2009-03-15 Reply Admin

I've seen this:

Developer builds invoicing system. PHB says "I don't want the unique invoice numbers incrementing because then our clients will think we don't do much business. Can you make them random and still unique?"

Developer uses autonumber field in database for the key, and adds N random digits (where 10**N = number of imaginary customers) for the "invoice number".

2009-03-16 Reply Admin

I have worked on a system where invoices numbers where genreated from random numbers, just like this. And this was defenitely not a WTF but a very strong requirement from a customer who had insisted not to have non consecutive invoices numbers, just to make it easier not to write up an invoice into the accounting system and have the tax inspector get mad when trying to figure out if the customer was cheating or not.

2009-03-16 Reply Admin

DaveShaw:
Vollhorst:
He could have run that code in multiple threads to speed it up!

Argghh! That made me Laugh.

So what happens when there are 999999 invoices in the database...??

Dave

You just need an infinite number of threads

dkf · 2009-03-16 Reply Admin

acid:
Better yet, switch to SQLite for the 'backend'and forget all about field sizes, data constraints, etc. If you think MySQL can be made not to squeal, you haven't seen anything yet. (This should not be taken as an endorsement of SQLite as a Enterprise or Production ready DB, you should always consult your DBA (or at least a competent one) before making any decisions on switching your backend toolsets.)

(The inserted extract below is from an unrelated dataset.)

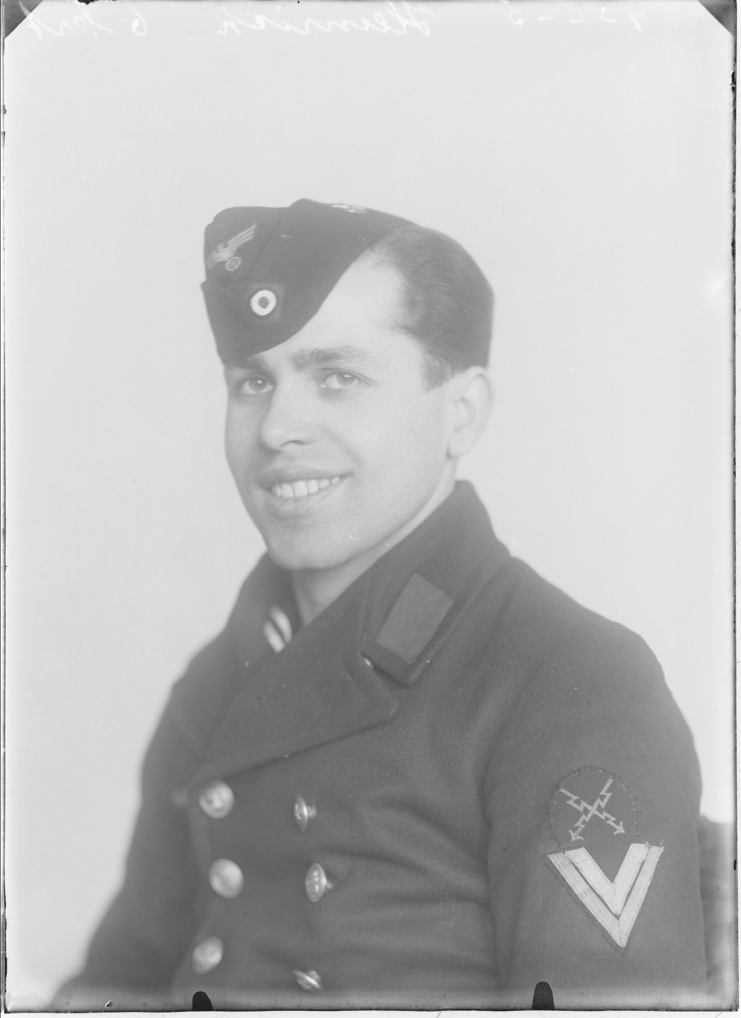 20/25 febr. 1945 fotonummer 43225 Heinrich, D. Mil. ---- jonge Duitse soldaat, militair, in uniform, pet, jas met knopen

Funnily enough, I know someone who did just that. Apparently he's more satisfied with it than the alternative (Oracle) in that situation. I'm not sure whether I would have been that brave...

2009-03-16 Reply Admin

Anyone who chooses "pick a random ID and see if it already exists" over "start at zero and work upwards" is not really a software developer. This one clearly hasn't realised yet but sooner or later he'll get the picture and figure out which career path is actually right for him (or her).

2009-03-16 Reply Admin

SomeCoder:
... I guess the only possible explanation for this code being written is that the developer had exactly zero knowledge of SQL. I... guess... I'm grasping at straws here because this is pretty terrible :)

In my experience, there are a lot of PHP (and other web-app platform) developers out there with, as you say, zero knowledge of SQL.

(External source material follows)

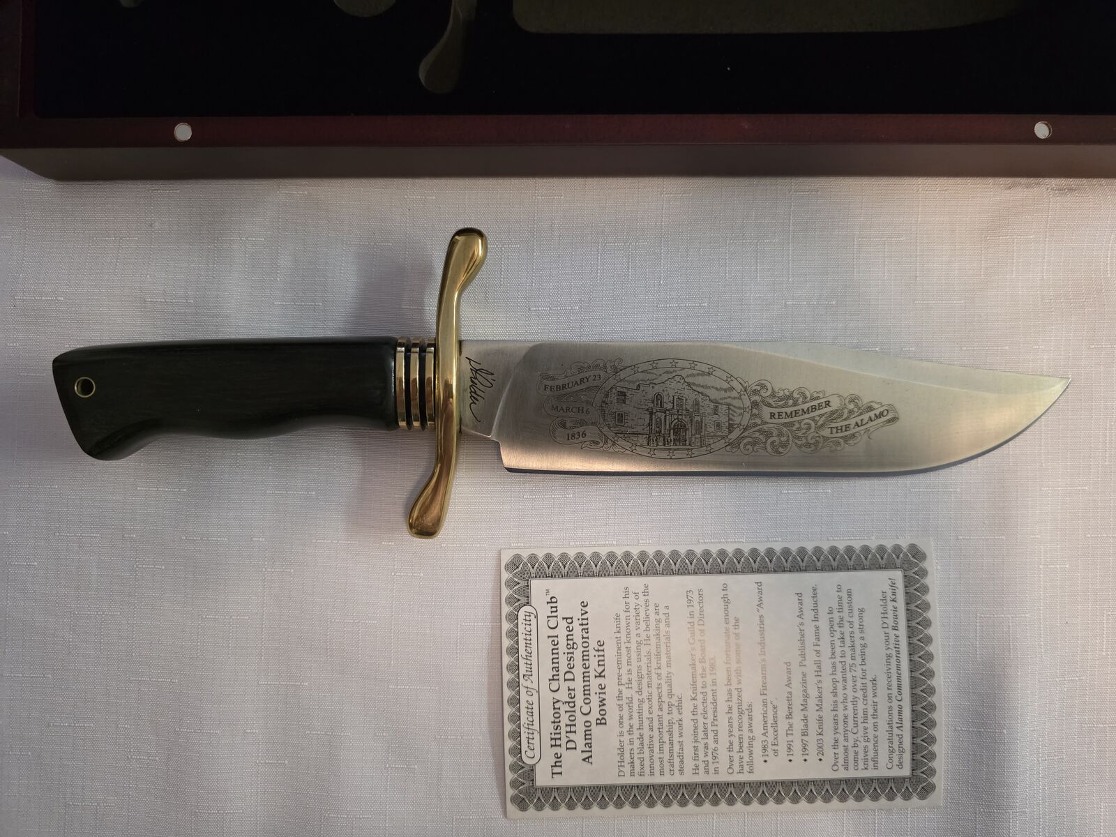 VenmoQuality knife with engraved blade, presentation case and certificate of authenticity.

As we all know, even a little SQL know-how goes a long way towards reducing code bloat and increasing robustness and yet code like we see above seems strangely common.

It's like some developers don't consider SQL to be "real code" or "worth learning" for some reason.

Probably they are just lazy, and used to working in situations where no-one ever sees their code, just the output.

2009-03-16 Reply Admin

Anon:
but why:
Why aren't the invoice numbers allowed to be sequential ?

Because you can't have a customer place order number 800234 one day and then order 800235 the next day and realize that you have no other customers! Same reason you don't start your invoice numbers at 000001.

So mess with the output.

2009-03-16 Reply Admin

I'm surprised 210 posts has failed to mention the birthday paradox: http://en.wikipedia.org/wiki/Birthday_paradox It's one of the reasons this is a really poor idea.

+1 nerd points to me.

Smash King · 2009-03-16 Reply Admin

WayneCollins:
By the way, is there a good way to insert a row with a unique key and get back the key in a single request to an Oracle or MSSQL server?

Sorry if this has already been answered and the case is closed, but for the sake of my sanity I won't read more than 200 posts just to know it.

In a previous job I used a database called Firebird (which is actually good for medium-size databases) and one of my co-workers found out a pretty good way to avoid concurrent inserts.

Firebird has a structure called generators, which do exactly what you asked. You can create a generator associated to a primary key and run a command like "SELECT GEN_ID(<GeneratorName>, 1) FROM Tablename" and it will return you the value of the last call to the generator added by one.

The best part is that I didn't have to worry whether someone would insert a record between my inserts to the parent table and the child table, because I already had the ID. There was no need to do a select to obtain the last ID at all. And even if someone called the generator before my insert to the parent table, their result would not be the same number I got.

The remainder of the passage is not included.